What about the nippy new kids on the block? There are several smaller nuclear fusion projects around the world that are supported by private investors, including ARC (Affordable, Robust and Compact) at MIT in the US, and, also in the US, Tri Alpha, and LCP Fusion, which was crowdfunded. There are also two projects in Oxfordshire: First Light Fusion and Tokamak Energy, at Milton Park.

What’s a tokamak? It’s a Russian word (this area of technology, though now the subject of international cooperation, emerged out of the Cold War) and it is a machine in which nuclear fusion takes place – it’s like the engine component of nuclear fusion. OK, here’s the science bit. You thought there were three states of matter, right? Solid, liquid and gas. But at very high temperatures, there is a fourth state: plasma. A tokamak traps plasma in a doughnut-shaped vessel with magnetic coils, and keeps it hot enough for long enough for fusion to occur.

When you’re on a seemingly impossible quest, you need game-changers. At Tokamak Energy, the game-changer is superconductors – materials that have no electrical resistance to currents, so you can keep a current flowing through them for a long time without them overheating. The scientists at Tokamak Energy are also working on making tomamaks that are a slightly different shape. The aim is to create slightly smaller, cheaper machines and to speed up progress towards that positive energy moment when nuclear fusion power becomes a reality.
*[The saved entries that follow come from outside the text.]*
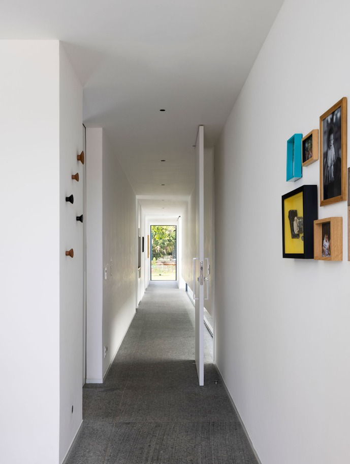 Keberadaan dapur di tengah ruang utama memperkuat fungsi sosial rumah. Aktivitas sehari hari menyatu dengan ruang galeri, menciptakan pengalaman hunian yang lebih hidup dan personal. Tidak ada pemisahan tegas antara area publik dan privat, semuanya terhubung dalam satu ruang yang cair.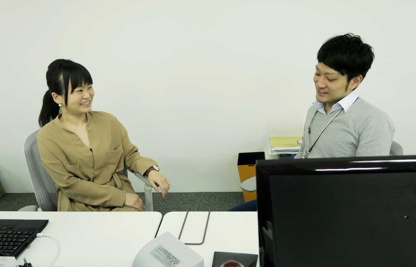 寺本:当時、高倉くんは大阪に住んでいたので、Skypeで面接したんです。高倉くんは自宅でPCの画面越しに、こちらは会議室で面接したんですけど、面接中にご家族が登場したりと予想外のこともありましたね(笑)。話してみて、当社の管理本部で活躍してくれそうだなぁと思って採用を決めました。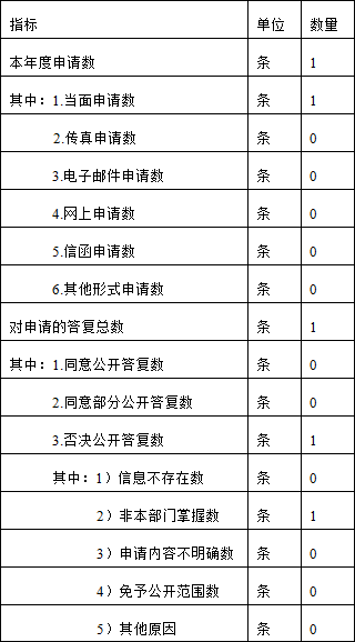 2013年,省統(tǒng)計(jì)局受理政府信息公開(kāi)申請(qǐng)1件,答復(fù)1件。
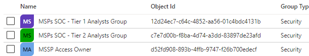 Groups and access is created and managed in customer’s Azure AD tenant. In the example scenario I created three (3) groups: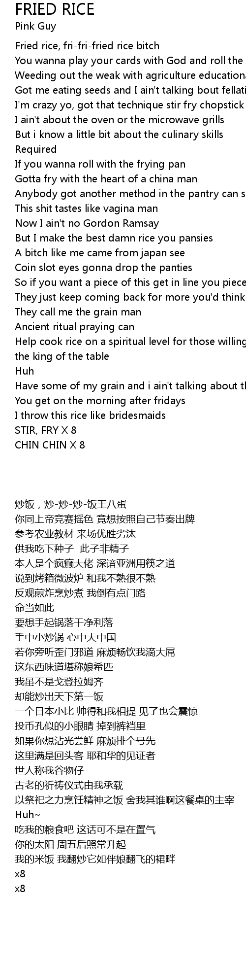 Fried rice, fri-fri-fried rice bitch |

It is the hallmark of good science communication that everything makes sense at the time – this lecture was definitely an example of that. I hope I’ve done it justice. You can find out more from Tokamak Energy and at @TokamakEnergy. The ATOM Festival of Science & Technology 2017 took place in Abingdon at the end of March, and included lectures on everything from the search to extraterrestrial life to stem cell medicine, self-driving cars and the forthcoming solar eclipse (21 August 2017). Find out more from @ATOMSciFest.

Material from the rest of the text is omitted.